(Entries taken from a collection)
- - - - - - -

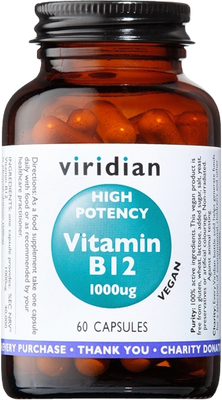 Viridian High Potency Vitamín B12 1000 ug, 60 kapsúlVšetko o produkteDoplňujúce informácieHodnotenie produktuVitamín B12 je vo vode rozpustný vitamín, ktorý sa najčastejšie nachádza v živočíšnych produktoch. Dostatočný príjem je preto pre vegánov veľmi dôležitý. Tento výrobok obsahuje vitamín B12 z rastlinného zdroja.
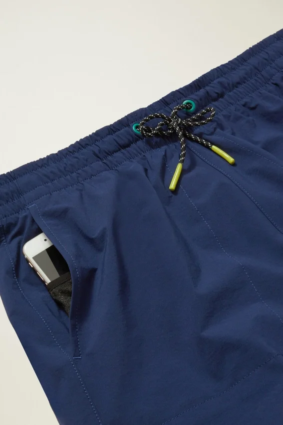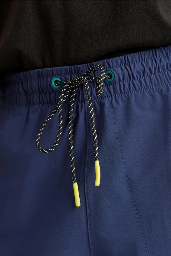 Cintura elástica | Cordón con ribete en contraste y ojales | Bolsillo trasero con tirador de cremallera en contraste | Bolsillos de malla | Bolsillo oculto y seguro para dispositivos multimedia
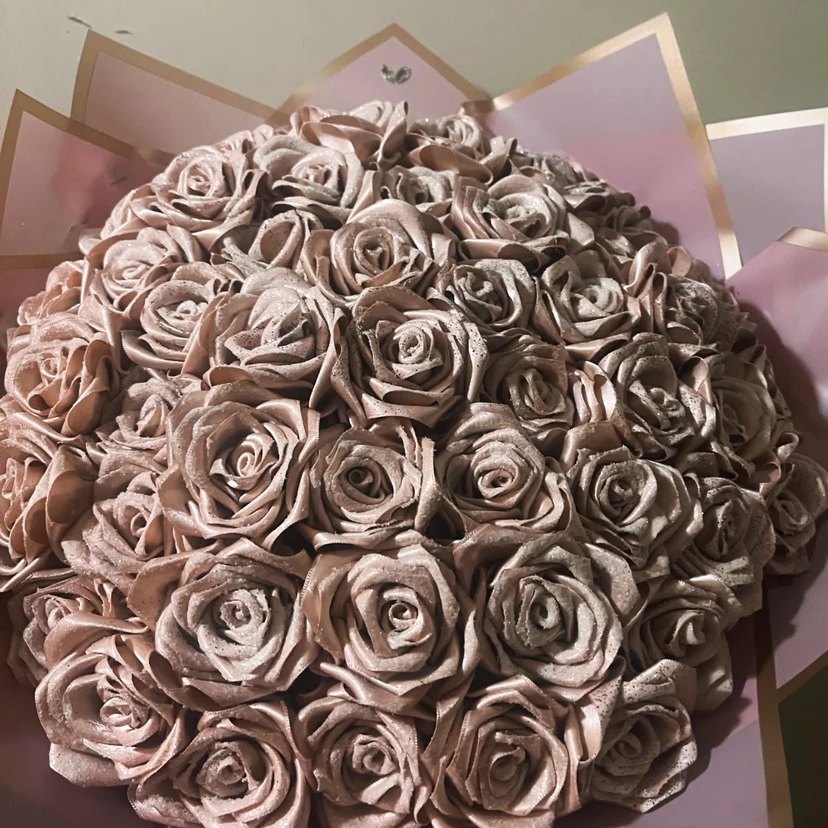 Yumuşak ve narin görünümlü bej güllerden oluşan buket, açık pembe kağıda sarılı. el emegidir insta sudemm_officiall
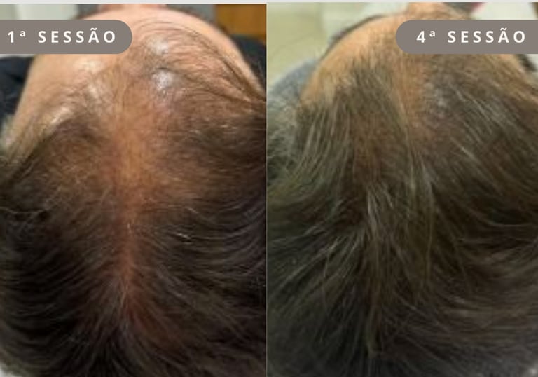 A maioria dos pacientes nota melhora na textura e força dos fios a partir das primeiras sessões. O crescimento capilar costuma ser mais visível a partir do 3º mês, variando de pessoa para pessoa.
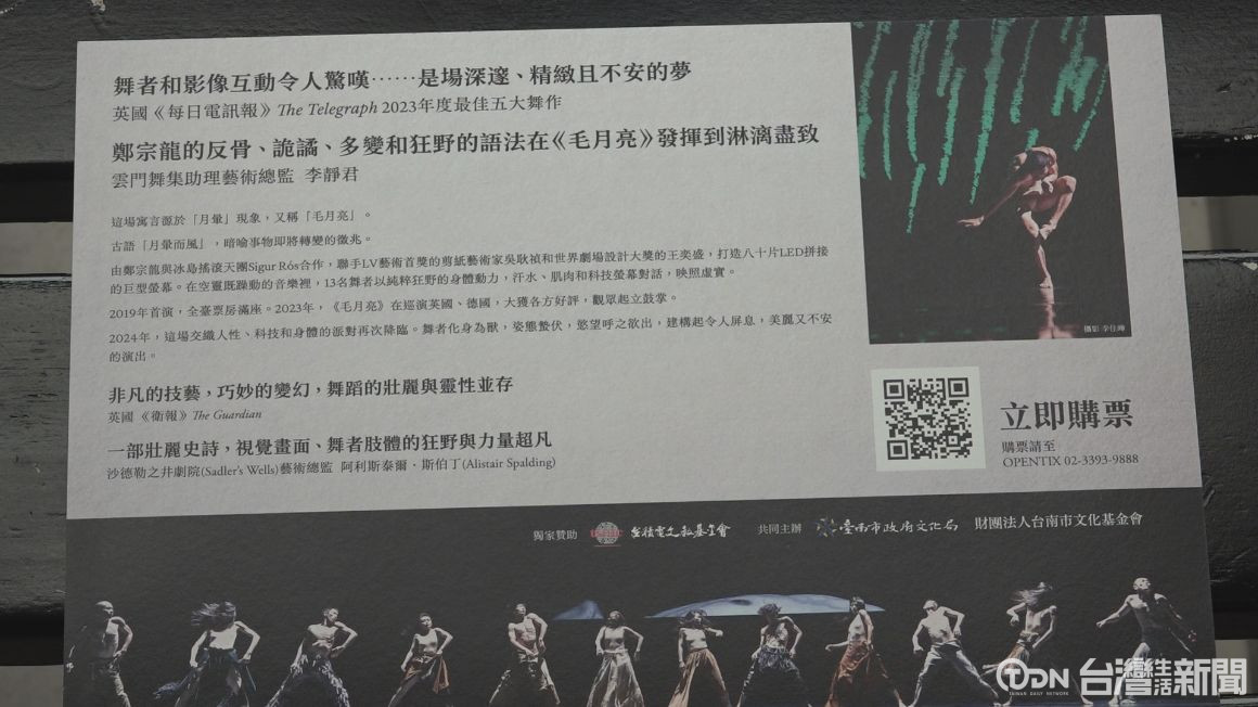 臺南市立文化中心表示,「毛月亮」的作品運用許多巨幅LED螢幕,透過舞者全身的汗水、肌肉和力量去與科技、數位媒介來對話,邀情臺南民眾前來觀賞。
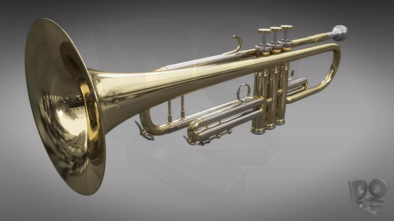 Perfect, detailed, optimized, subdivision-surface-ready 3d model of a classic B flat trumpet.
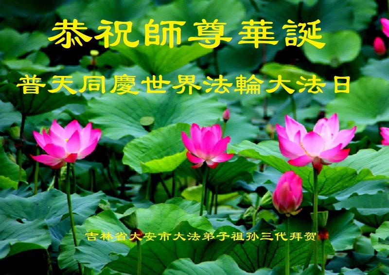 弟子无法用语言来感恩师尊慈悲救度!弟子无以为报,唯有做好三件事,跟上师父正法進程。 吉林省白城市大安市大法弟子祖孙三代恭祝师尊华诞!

- - - - - - -

**Aim of the exercise:** Locate the line containing "A maioria dos" in the records above, then output it and every line after it through the last, excluding pictures.

**Output for this task:**
 A maioria dos pacientes nota melhora na textura e força dos fios a partir das primeiras sessões. O crescimento capilar costuma ser mais visível a partir do 3º mês, variando de pessoa para pessoa.
 臺南市立文化中心表示,「毛月亮」的作品運用許多巨幅LED螢幕,透過舞者全身的汗水、肌肉和力量去與科技、數位媒介來對話,邀情臺南民眾前來觀賞。
 Perfect, detailed, optimized, subdivision-surface-ready 3d model of a classic B flat trumpet.
 弟子无法用语言来感恩师尊慈悲救度!弟子无以为报,唯有做好三件事,跟上师父正法進程。 吉林省白城市大安市大法弟子祖孙三代恭祝师尊华诞!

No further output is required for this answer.